§ DATA:
□ □ □

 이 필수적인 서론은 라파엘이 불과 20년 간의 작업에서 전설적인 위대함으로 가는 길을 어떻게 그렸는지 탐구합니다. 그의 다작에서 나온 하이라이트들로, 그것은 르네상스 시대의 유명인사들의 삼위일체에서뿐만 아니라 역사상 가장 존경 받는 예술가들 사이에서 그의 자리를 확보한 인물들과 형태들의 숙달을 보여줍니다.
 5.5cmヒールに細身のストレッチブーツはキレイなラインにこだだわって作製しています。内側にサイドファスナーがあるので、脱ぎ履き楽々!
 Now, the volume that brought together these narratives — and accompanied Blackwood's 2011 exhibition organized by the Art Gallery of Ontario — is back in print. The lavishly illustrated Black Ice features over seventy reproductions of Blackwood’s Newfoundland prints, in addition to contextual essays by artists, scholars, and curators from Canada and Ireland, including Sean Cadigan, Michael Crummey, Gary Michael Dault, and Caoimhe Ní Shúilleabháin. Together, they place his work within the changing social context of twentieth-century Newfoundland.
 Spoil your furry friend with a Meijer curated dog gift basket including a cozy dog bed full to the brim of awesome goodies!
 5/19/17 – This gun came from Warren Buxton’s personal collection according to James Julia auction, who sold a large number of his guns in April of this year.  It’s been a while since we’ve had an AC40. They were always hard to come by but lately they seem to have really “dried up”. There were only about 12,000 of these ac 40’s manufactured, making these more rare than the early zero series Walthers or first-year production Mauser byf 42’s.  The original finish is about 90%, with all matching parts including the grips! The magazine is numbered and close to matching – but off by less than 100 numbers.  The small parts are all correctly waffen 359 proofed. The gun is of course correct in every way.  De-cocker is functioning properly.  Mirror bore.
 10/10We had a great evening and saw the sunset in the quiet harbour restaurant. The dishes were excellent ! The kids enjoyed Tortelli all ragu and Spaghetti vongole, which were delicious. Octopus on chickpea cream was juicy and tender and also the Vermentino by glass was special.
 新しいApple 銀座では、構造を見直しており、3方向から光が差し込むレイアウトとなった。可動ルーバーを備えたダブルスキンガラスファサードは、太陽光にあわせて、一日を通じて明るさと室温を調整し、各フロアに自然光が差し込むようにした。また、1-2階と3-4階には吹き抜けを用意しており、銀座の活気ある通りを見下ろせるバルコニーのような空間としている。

□ □ □

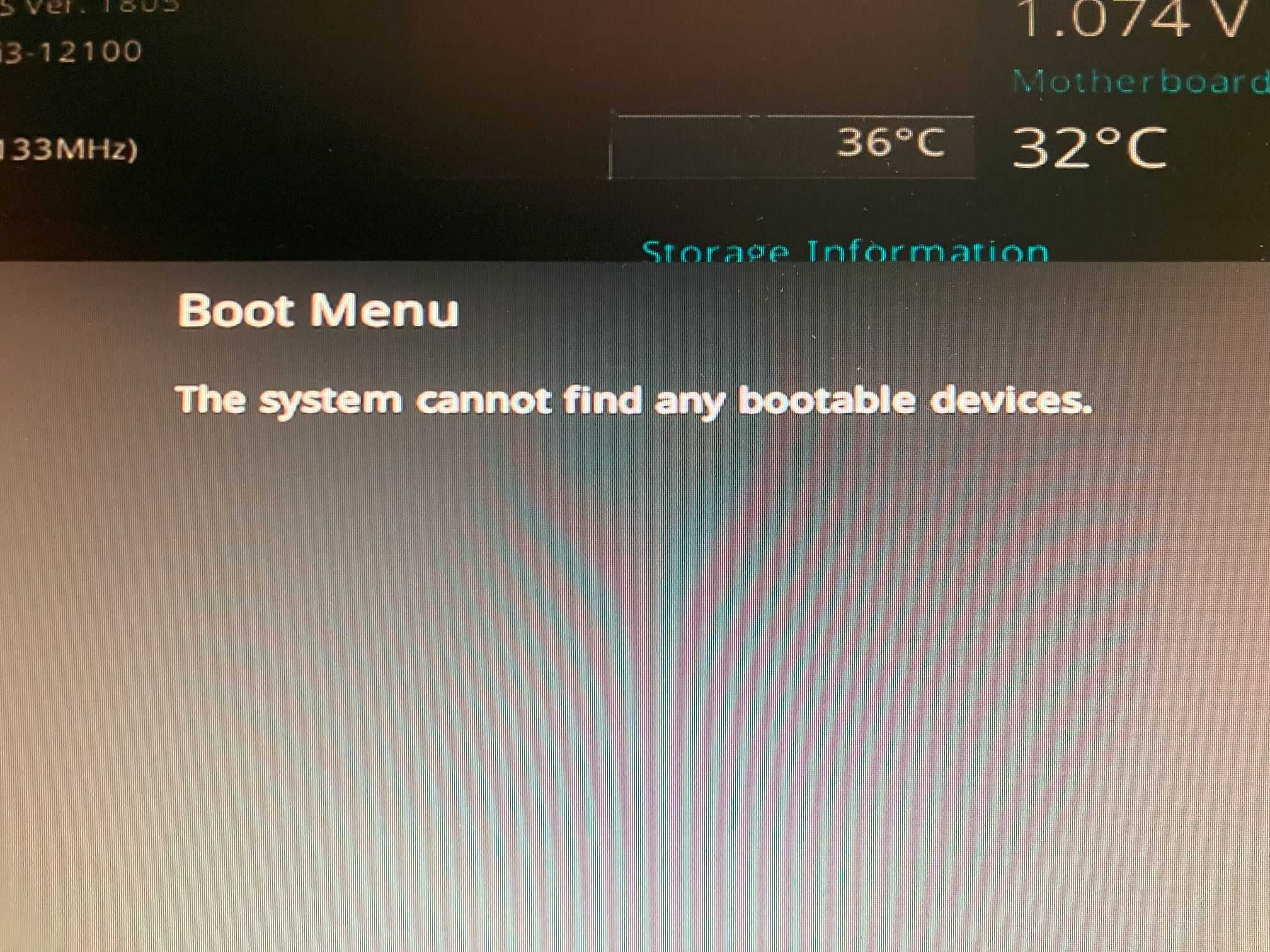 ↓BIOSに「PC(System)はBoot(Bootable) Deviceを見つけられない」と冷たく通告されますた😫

□ □ □

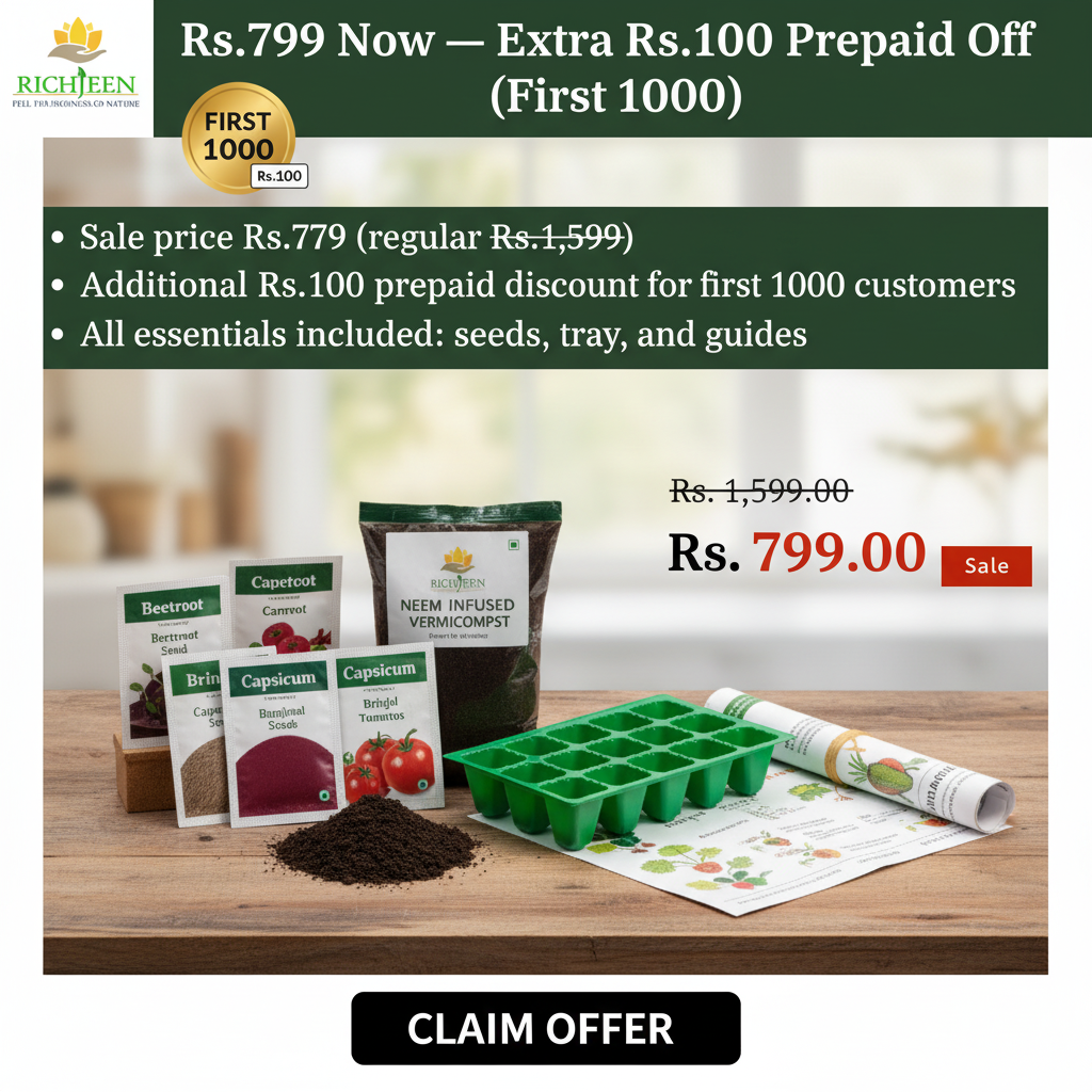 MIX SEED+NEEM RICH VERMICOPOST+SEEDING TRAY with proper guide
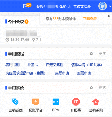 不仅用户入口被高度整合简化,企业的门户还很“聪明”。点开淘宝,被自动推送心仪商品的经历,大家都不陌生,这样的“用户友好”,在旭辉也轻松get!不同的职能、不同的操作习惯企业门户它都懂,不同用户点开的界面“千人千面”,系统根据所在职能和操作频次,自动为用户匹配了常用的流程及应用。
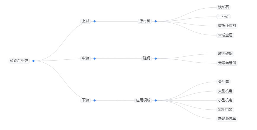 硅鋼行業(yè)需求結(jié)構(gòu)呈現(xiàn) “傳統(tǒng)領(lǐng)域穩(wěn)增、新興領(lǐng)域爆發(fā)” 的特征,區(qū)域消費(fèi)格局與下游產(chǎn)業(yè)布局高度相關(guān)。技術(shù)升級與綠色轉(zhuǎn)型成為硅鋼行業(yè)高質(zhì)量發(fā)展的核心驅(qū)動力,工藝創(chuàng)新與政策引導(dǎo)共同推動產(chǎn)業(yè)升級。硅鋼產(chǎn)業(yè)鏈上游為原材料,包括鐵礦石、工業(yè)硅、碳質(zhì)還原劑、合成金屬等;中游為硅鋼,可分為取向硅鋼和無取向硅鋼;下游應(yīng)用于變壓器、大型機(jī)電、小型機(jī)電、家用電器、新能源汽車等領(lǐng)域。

□ □ □

§ WORK INSTRUCTION: The lines above, starting at the one with "이 필수적인 서론은 라파엘이" and ending at the one with "5.5cmヒールに細身のスト", are the only ones to return, exactly as written.

§ RESPONSE:
 이 필수적인 서론은 라파엘이 불과 20년 간의 작업에서 전설적인 위대함으로 가는 길을 어떻게 그렸는지 탐구합니다. 그의 다작에서 나온 하이라이트들로, 그것은 르네상스 시대의 유명인사들의 삼위일체에서뿐만 아니라 역사상 가장 존경 받는 예술가들 사이에서 그의 자리를 확보한 인물들과 형태들의 숙달을 보여줍니다.
 5.5cmヒールに細身のストレッチブーツはキレイなラインにこだだわって作製しています。内側にサイドファスナーがあるので、脱ぎ履き楽々!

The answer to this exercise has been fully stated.